Chapter 14: Therapy with Michael
Mid-March
Healing takes time. A patient cannot pay to speed it up – healing doesn't accept payment or bribes. Shortcuts or rushing too far ahead too quickly lead to relapse. Denial leads to complications. Commitment to the process and to recovery brings a far different outcome. Over time, the memory of the initial physical pain fades. Fears and weakness are replaced with insight and renewed strength. The intensity of the initial shock begins to fade and the mind gains perspective. Healing cannot be rushed. The opportunity, so easily missed, is to use the time of healing to make room in our minds and to ponder in our hearts so the lessons that only come with time can emerge.
The time had come.
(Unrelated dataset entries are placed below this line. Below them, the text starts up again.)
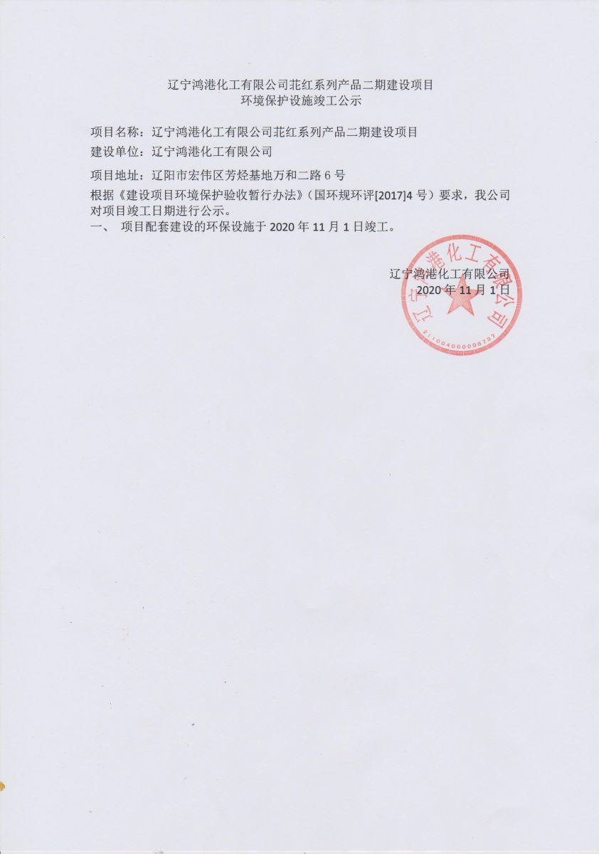 遼寧鴻港化工有限公司苝紅系列產品二期建設項目 環境保護設施竣工公示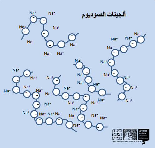 إذا أمعنّا النظر في التركيب الكيميائيّ الأساسيّ للألجينات، يمكننا التمييز بأنه في كل حلقة يوجد منطقة يُرمز لها بالإشارة السّالبة (-)، مما يدل على أنّ كل حلقة لها منطقة مشحونة بشحنة كهربائية سالبة، وبجوارها رمز Na +، رمز الصوديوم في ألجينات الصوديوم، المشحونة بشحنة كهربائية موجبة بالأساس (+ هو أيون موجب)، والذي يُوازن الشحنة السلبية الخاصة بالحلقات. يُشبه مبنى الألجينات في الأساس مادة ماصّة للماء تتواجد في الحفاظّات.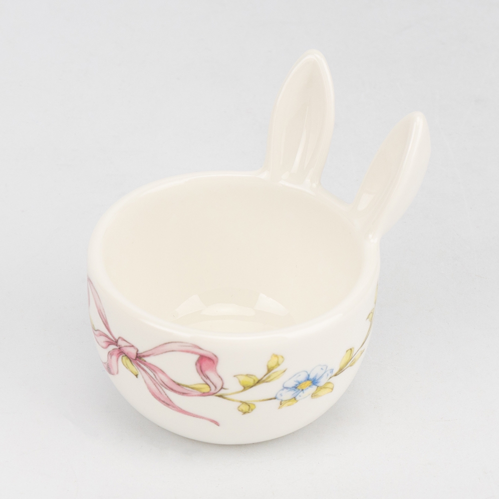 Диаметр – 6 см, высота – 6 см. Керамическая подставка под яйцо – нежный праздничный акцент, который сделает пасхальный стол особенным. Дизайн в форме кролика с милыми ушками в сочетании с нежной росписью цветов и розовых бантов создает атмосферу весеннего уюта. Высокое качество исполнения и глянцевый блеск делают его не просто посудой, а настоящим украшением пасхальной сервировки. Такой аксессуар станет идеальным подарком для тех, кто ценит эстетику в деталях и стремится создать незабываемое праздничное настроение.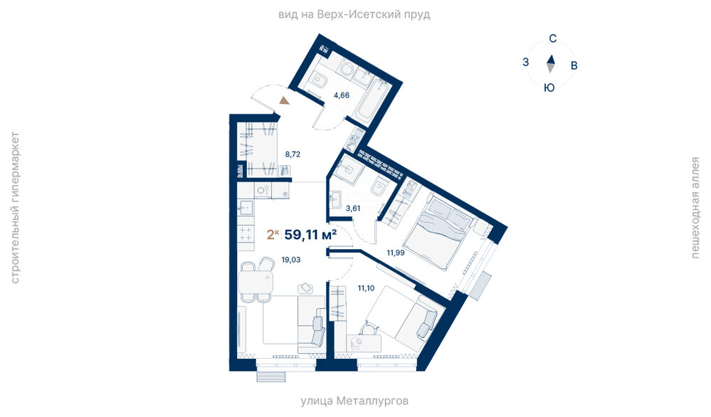 Продажа квартиры: Екатеринбург, ул. Улица Металлургов, ЖК Атлас Визион (Корпус С1.18) (ВИЗ)

The occasion that Michael had outlined at Owen and Amelia's first appointment had arrived. He wanted to meet with the kids, to especially hear their anger, pain, and sadness related to the deployment, re-entry, and recovery. Michael had consulted with the kids' therapists and the team of four shared similar insights and analyses.
For the kids, the discussion could have occurred before or just after Owen's return. Their words at those points would have been fresher and rawer. However, waiting for this moment brought unconscious perspective that widened the scope of the family's experiences. Most importantly, waiting allowed Owen to reach a point where he was able to hear the pain without the words destroying him internally. Before the painful but healing conversations could have full effect, Owen's sense of self needed to be restored and well rooted. The time had come.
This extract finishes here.